*WHAT THE TASK REQUIRES*: Using the listing below, copy exactly each line from the one that has "Beberapa simbol umum" through the one that has "Auch in weiss/schwarz, statt"; omit the pictures.

*AVAILABLE RECORDS*:
___

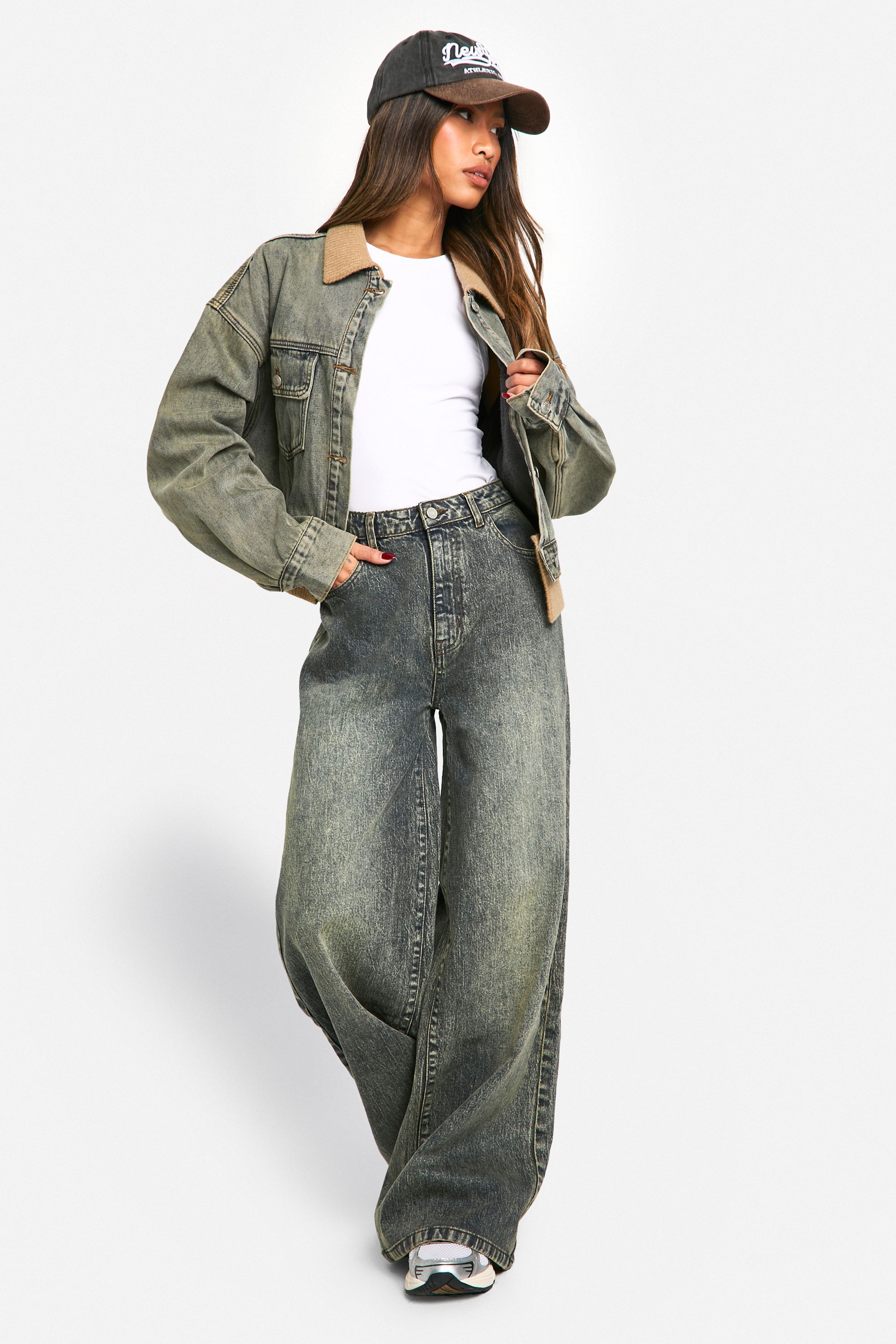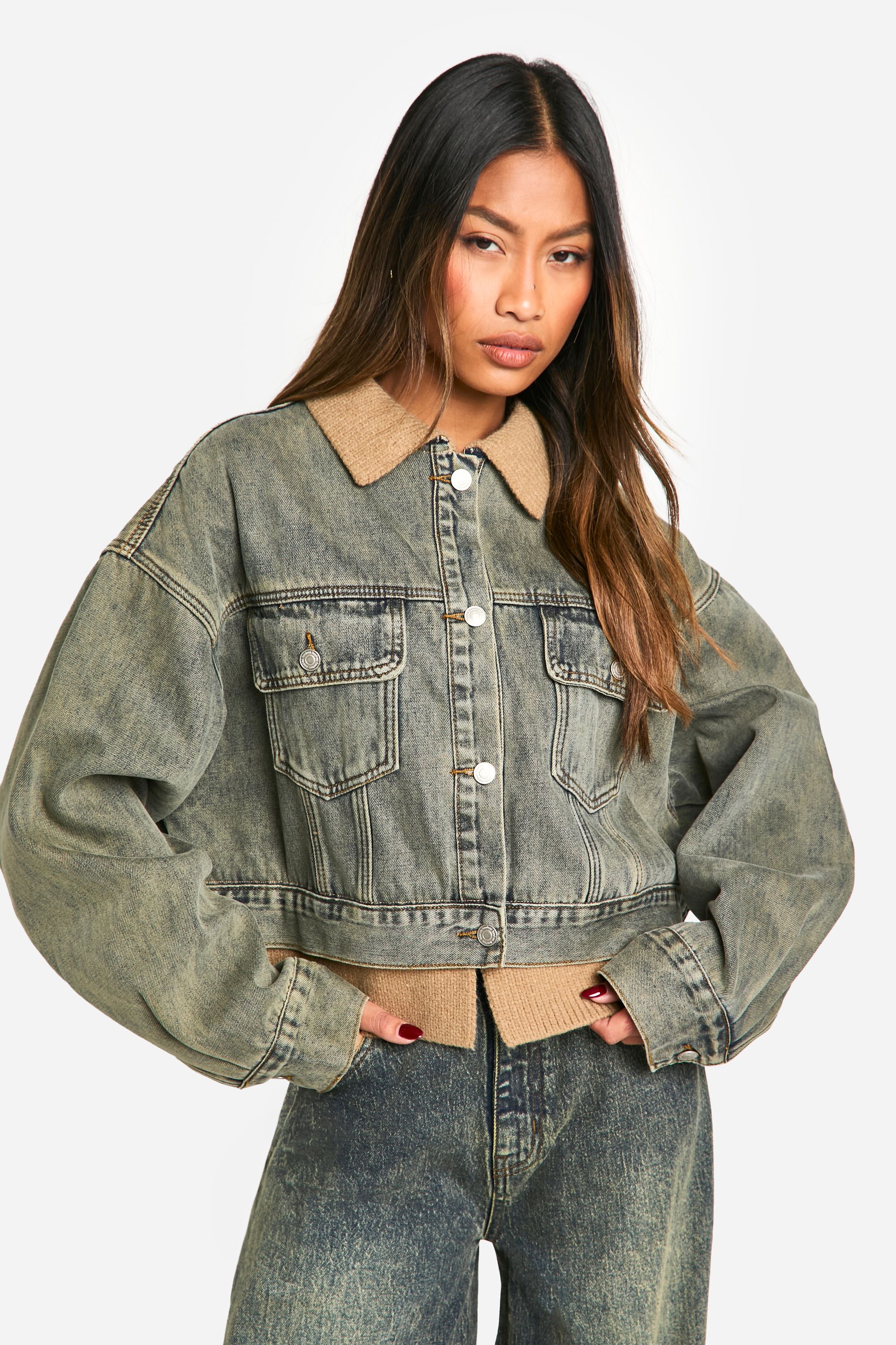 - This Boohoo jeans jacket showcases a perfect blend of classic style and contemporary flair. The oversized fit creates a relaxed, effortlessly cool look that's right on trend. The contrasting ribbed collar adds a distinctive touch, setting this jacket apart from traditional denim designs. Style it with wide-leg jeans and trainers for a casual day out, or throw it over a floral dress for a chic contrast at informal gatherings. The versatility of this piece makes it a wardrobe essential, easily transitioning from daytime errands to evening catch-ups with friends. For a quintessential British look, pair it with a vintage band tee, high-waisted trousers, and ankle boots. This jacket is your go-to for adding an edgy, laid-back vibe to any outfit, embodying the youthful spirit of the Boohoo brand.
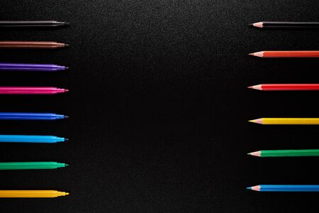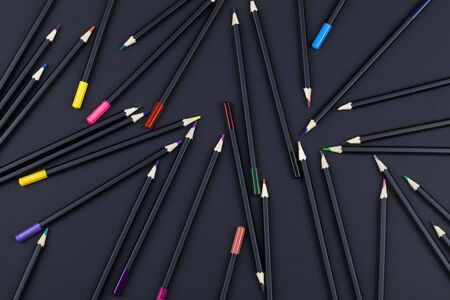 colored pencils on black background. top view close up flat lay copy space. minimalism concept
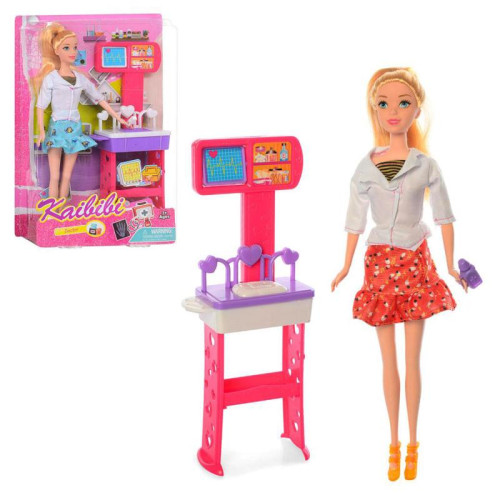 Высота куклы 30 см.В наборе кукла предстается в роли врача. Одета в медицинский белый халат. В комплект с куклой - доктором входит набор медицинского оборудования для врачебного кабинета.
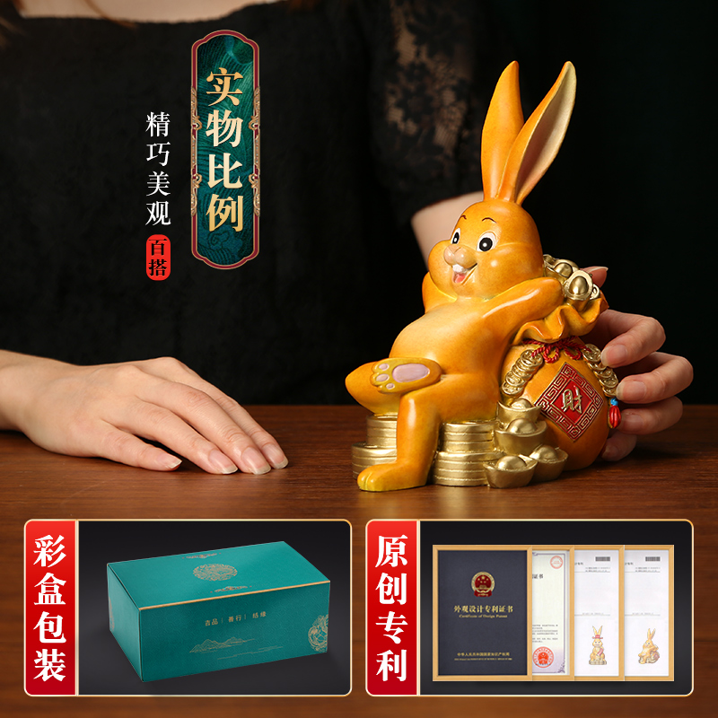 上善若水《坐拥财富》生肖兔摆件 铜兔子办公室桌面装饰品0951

___

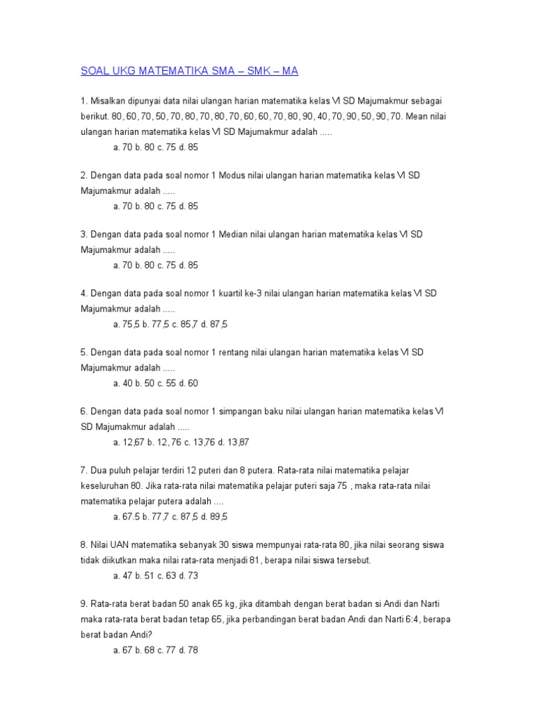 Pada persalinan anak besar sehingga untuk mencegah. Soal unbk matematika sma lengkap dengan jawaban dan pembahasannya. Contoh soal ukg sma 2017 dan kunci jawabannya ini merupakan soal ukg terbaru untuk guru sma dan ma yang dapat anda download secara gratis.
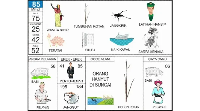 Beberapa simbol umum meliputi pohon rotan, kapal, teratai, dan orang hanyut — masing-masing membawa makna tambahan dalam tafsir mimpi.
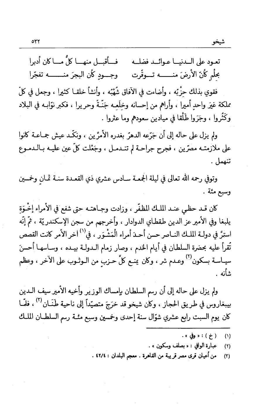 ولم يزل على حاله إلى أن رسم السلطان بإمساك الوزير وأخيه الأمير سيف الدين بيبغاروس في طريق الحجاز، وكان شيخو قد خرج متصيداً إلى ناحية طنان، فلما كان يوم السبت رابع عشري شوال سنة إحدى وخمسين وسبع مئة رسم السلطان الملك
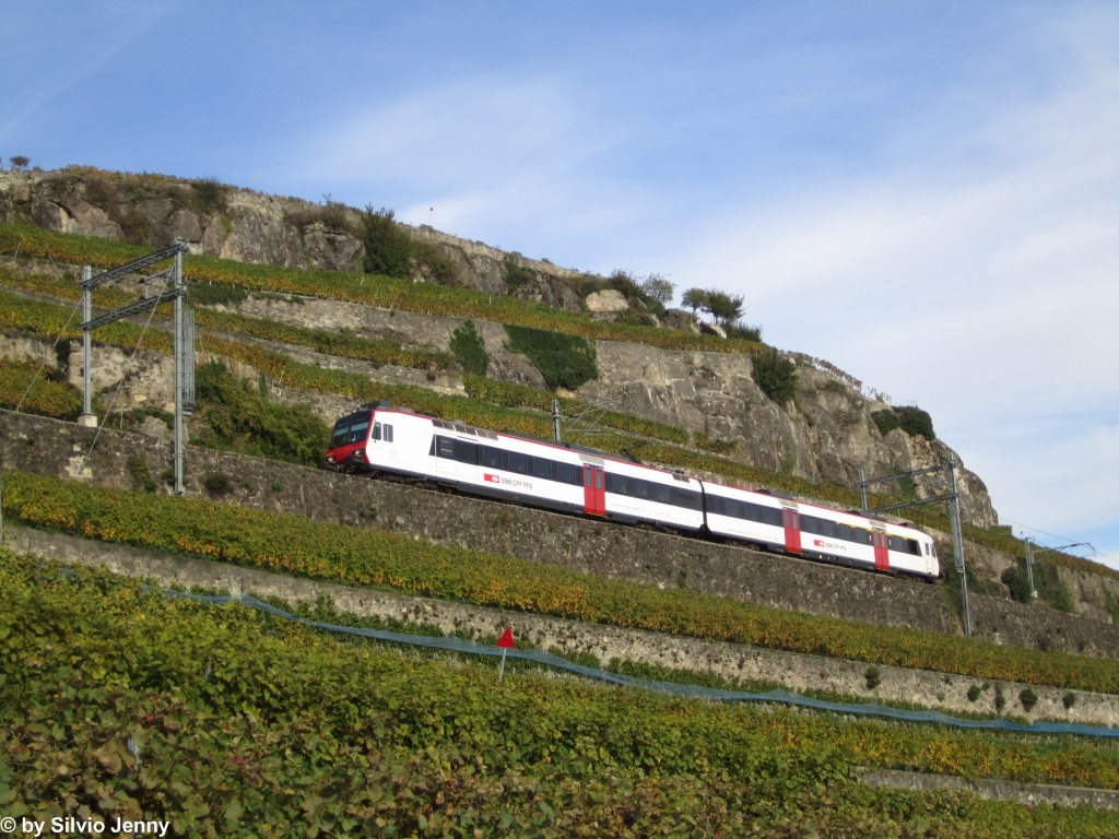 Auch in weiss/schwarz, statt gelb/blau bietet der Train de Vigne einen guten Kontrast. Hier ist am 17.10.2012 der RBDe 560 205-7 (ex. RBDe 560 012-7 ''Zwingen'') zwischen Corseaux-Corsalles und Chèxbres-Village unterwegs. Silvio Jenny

___

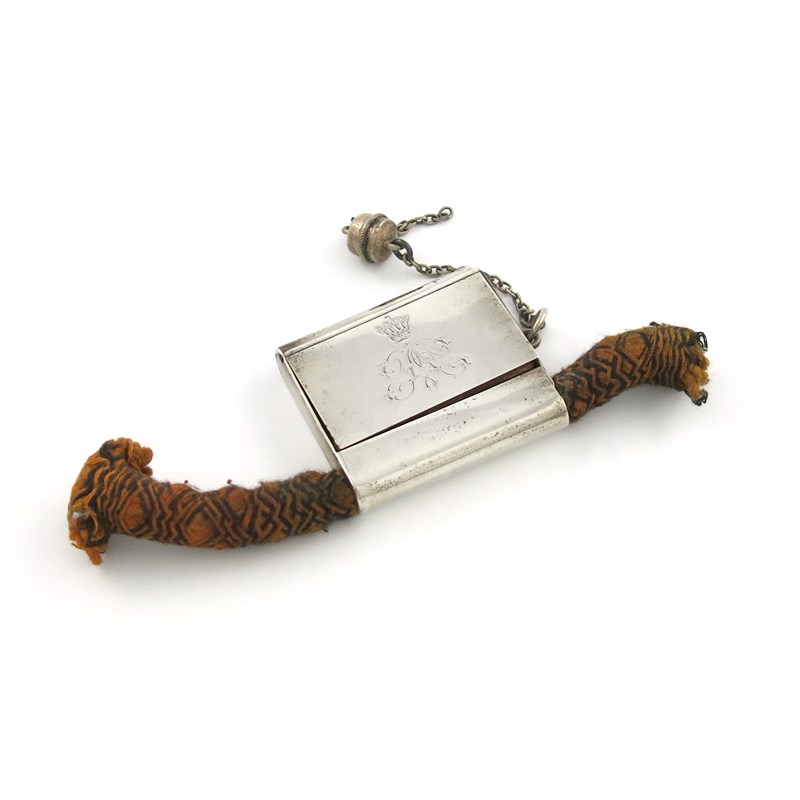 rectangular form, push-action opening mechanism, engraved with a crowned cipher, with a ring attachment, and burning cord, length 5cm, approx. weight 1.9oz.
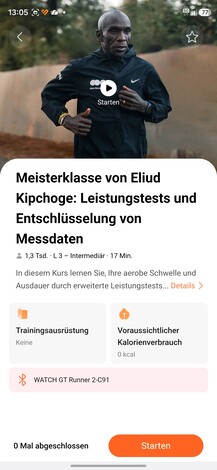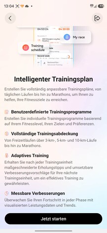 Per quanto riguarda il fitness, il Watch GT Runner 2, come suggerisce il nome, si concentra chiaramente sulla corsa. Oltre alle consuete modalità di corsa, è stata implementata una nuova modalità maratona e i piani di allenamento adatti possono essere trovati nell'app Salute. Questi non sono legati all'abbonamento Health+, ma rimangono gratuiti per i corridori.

___

*TASK RESULT*:
 Beberapa simbol umum meliputi pohon rotan, kapal, teratai, dan orang hanyut — masing-masing membawa makna tambahan dalam tafsir mimpi.
 ولم يزل على حاله إلى أن رسم السلطان بإمساك الوزير وأخيه الأمير سيف الدين بيبغاروس في طريق الحجاز، وكان شيخو قد خرج متصيداً إلى ناحية طنان، فلما كان يوم السبت رابع عشري شوال سنة إحدى وخمسين وسبع مئة رسم السلطان الملك
 Auch in weiss/schwarz, statt gelb/blau bietet der Train de Vigne einen guten Kontrast. Hier ist am 17.10.2012 der RBDe 560 205-7 (ex. RBDe 560 012-7 ''Zwingen'') zwischen Corseaux-Corsalles und Chèxbres-Village unterwegs. Silvio Jenny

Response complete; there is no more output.